Q: How to monitor for a running container to trigger alert when the container stops or dies
I don’t see us having anything really good in this area. I found how to alert on specific virtual network interfaces, a suggestion to use last_collected_sec of any collector here, and a different though useful alert called docker_unhealthy_containers. The problem seems to be the proper detection of a crash, as opposed to a normal termination. The only suggestion to distinguish this I’ve seen is here. We will discuss what we can do with @ilyam8
Q: How to monitor if a systemd service stops.
A: We now have a decent systemd units collector, which I suggest configuring to specifically monitor each service you want. This used to produce problematic charts on the cloud, but thanks to @ilyam8 they are now easier to understand (still on the nightlies, it will be in the next stable version too). We already have alerts for the failed state and it’s easy to add more for the inactive state as well (copy / paste the entire list and change $failed to $inactive plus the names).
Hi @Christopher_Akritid1
Thank you for this. Please, how do I see this in the dashboard after configuring from the collector in the machine.

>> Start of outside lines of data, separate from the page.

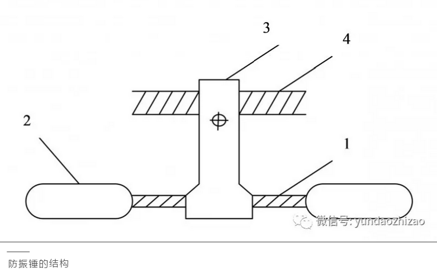 圖中數(shù)字標(biāo)注的部分分別為:1-鋼絞線,2-錘頭(一般是鋼材),3-中間固定線夾,4-輸電導(dǎo)線。1-3部分共同組成一個完整的防振錘。
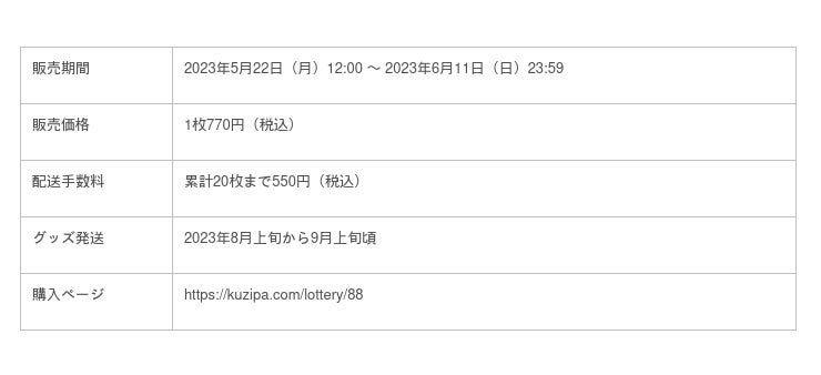 ※当選された商品は、通常のくじの当選商品と同梱し、お届けいたします。
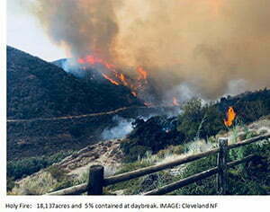 That quote was three days ago. Many road closures and evacuations later, and at today’s daybreak, National Forest reported “#HolyFire morning update: 18,137 acres and 5% contained. For those wondering about containment, the hand/containment line grows as the fire grows. We continue to actively engage, but cannot get ahead of the fire.”
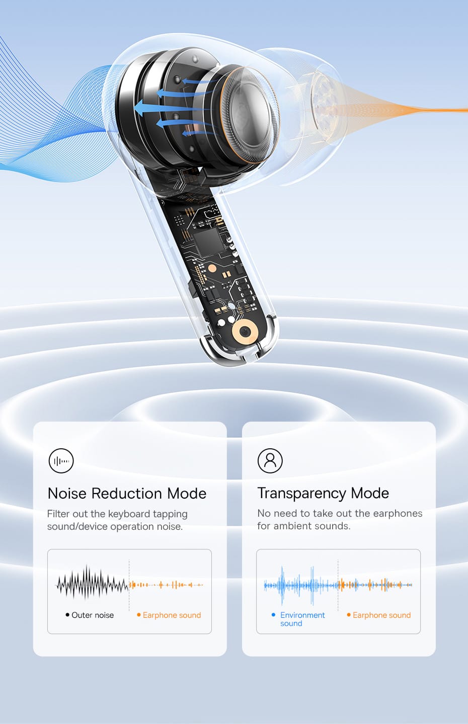 - 2 modes of operation: Baseus headphones have 2 modes of operation so that you can adjust them to your needs. The first – noise cancellation mode – will let you lose yourself in your favorite songs, as it easily reduces outside noises. However, want to hear what's going on around you? Choose Transparency mode, so you'll no longer miss an important announcement at the airport or train station.
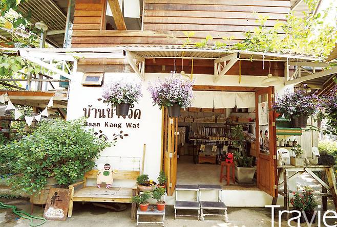 ‘사원 앞에 있는 집’이라는 뜻의 반캉왓은 왓우몽(Wat Umong) 지역 왓람펑(Wat Ram Poeng) 바로 맞은편에 위치한다. 태국 고산지대 부족 마을에서 영감을 받았다는 나타웃 룩프라싯은 공동체의 빠른 성장과 큰 이익이 아니라 천천히 함께 발전하면서 결속력이 강한 커뮤니티를 서로가 이뤄 내며 사는 것이 이 공동체 마을의 목표라고 설명한다. 현대 도시에서도 시골 마을의 라이프스타일을 따라 큰 욕심을 부리지 않고도 사업과 공유가 동시에 가능하다는 믿음이 이 마을의 시작이었다.
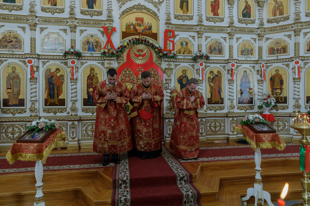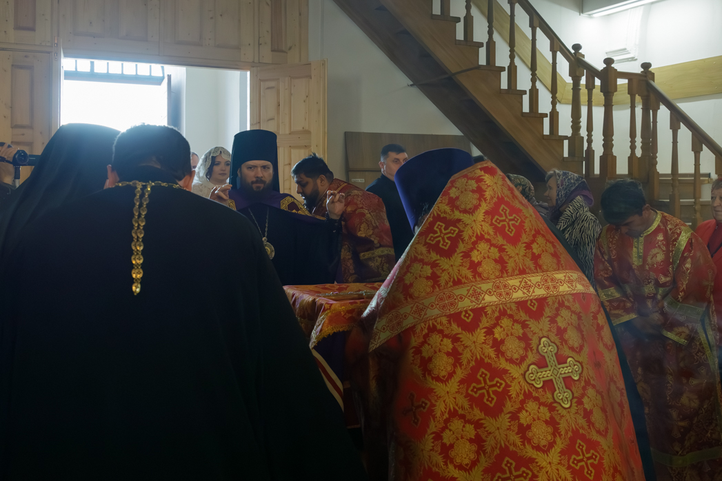 После отпуста было возглашено уставное многолетие Святейшему Патриарху, Правящему Архиерею, сочетавшимся браком супругам, богохранимой стране нашей и всем православным христианам.
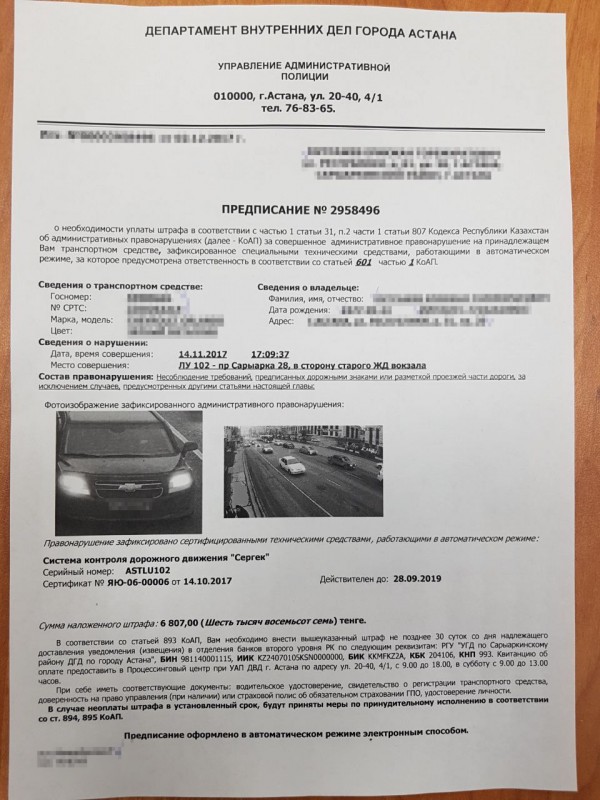 В ДВД Астаны также подтвердили эту информацию, сообщив, что на данный момент обработано порядка 12 тысяч нарушений, из которых уже более трех тысяч направлено по адресам. Также был продемонстрирован экземпляр предписания, которые направляются нарушителям.
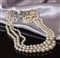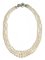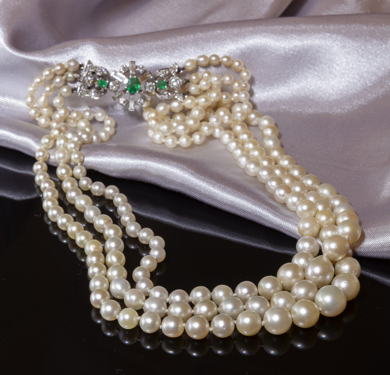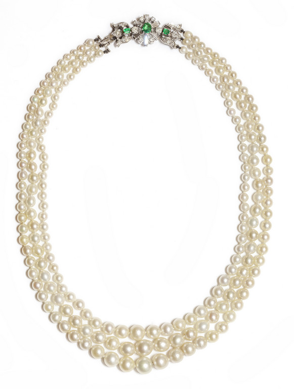 Collana composta da tre fili di perle degradè da mm 9. Chiusura in oro bianco con incastonati smeraldi naturali taglio a goccia e ottagonale per tot ct 0 70 e diamanti naturali taglio brillante e baguette per tot ct 1 20 circa
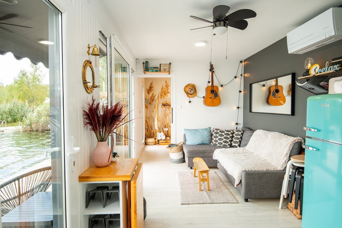 Vivez sur l'eau ! Notre maison flottante est un rêve d'être à proximité immédiate de l'eau. Nous aimerions également partager ce projet extraordinaire avec vous, votre famille et vos amis. Sur une plate-forme flottante de 65 m2, nous avons construit une maison de 35 m² + une terrasse de 30 m ² + une plate-forme SPA de 25 m ², ce qui nous donne au total 90 m² flottant sur l'eau d'une surface utilisable privée. La maison est confortable, chaleureuse, sûre et toute l'année.
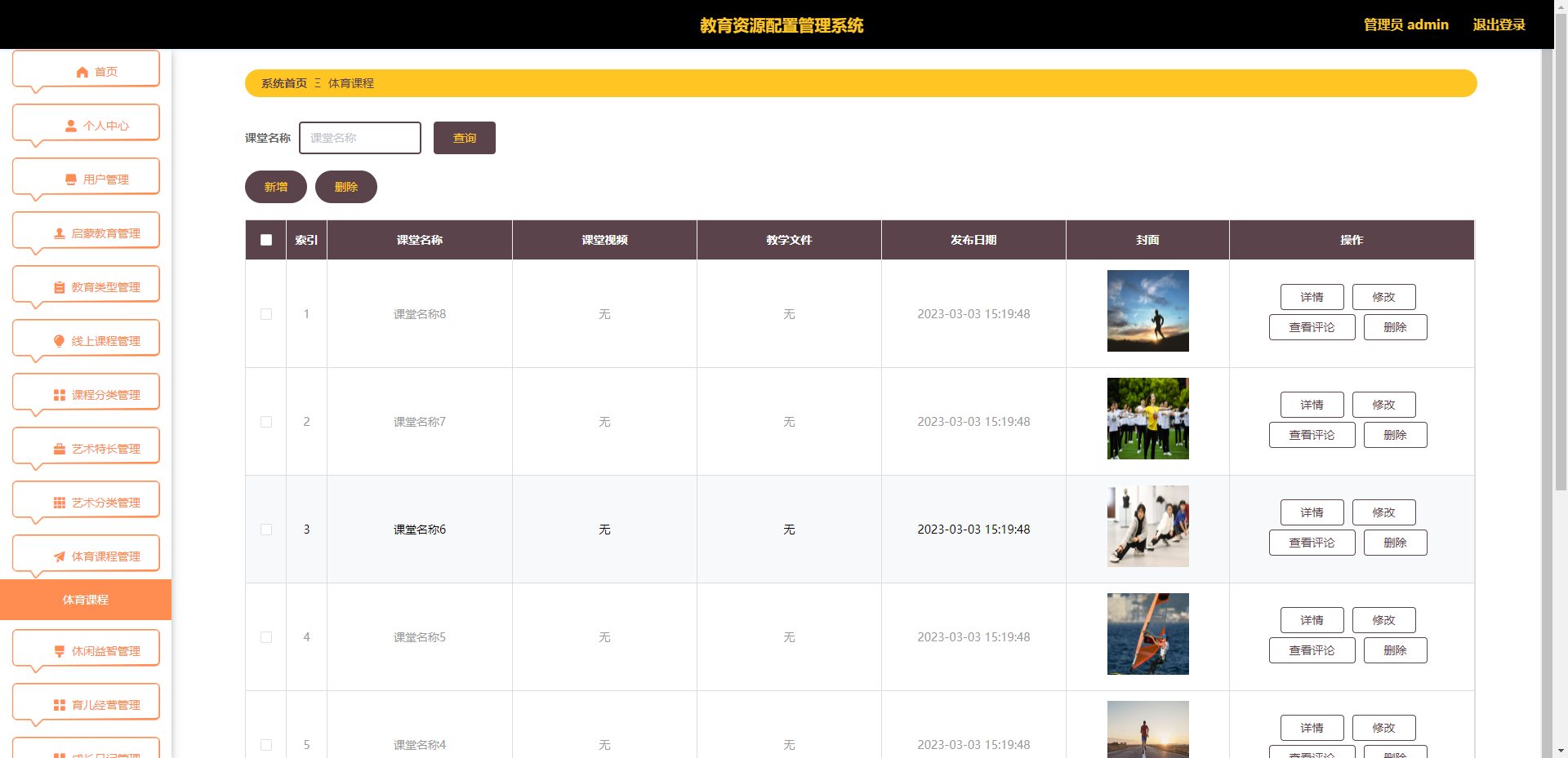 艺术分类管理、体育课程管理、休闲益智管理、育儿经营管理、成长日记管理、系统管理等功能。
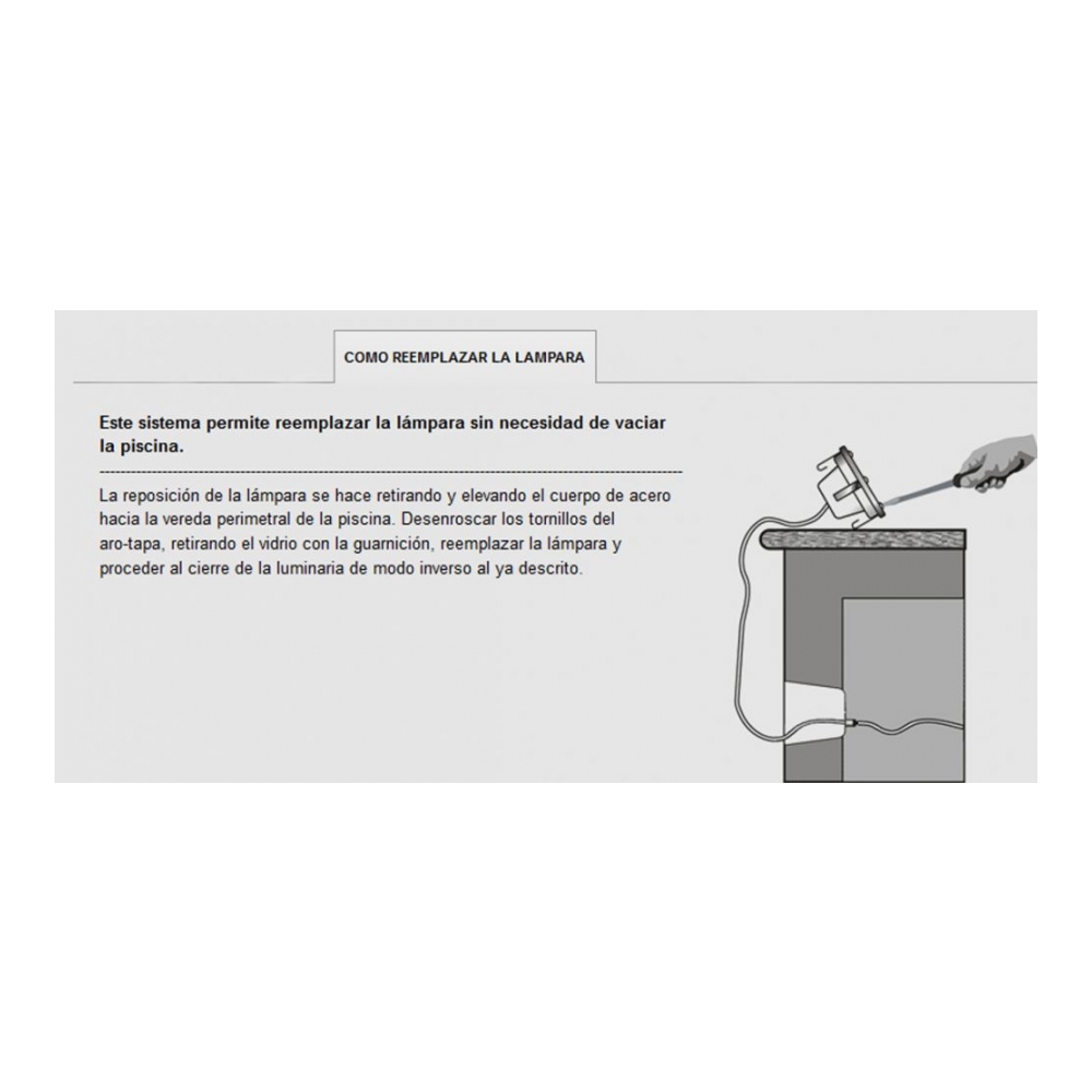 Descripción: Luminaria para piscinas, totalmente sumergible, segura y resistente, ideal para iluminación subacuática de alta calidad.

I have tried restarting the Netdata service (sudo systemctl restart netdata), but it still is not showing in any of the dashboard.
If it’s not showing up after changing the config file for these standard collectors, it almost always means there’s an error with that configuration and we can look into that in a different thread. Depending on the type of error, you may see something useful in /var/log/netdata/error.log.
It generally helps to run the collector in debug mode, when you have issues, so you don’t restart netdata and wait. Instructions on how to debug are in every collector’s documentation page.
In Netdata Cloud open your personal settings from the button on the bottom left. Under the tab “Notifications” select to receive “All alerts and unreachable” for the rooms that contain the nodes you want to be notified about. You will receive emails when the nodes in those rooms are disconnected from/reconnected to the cloud.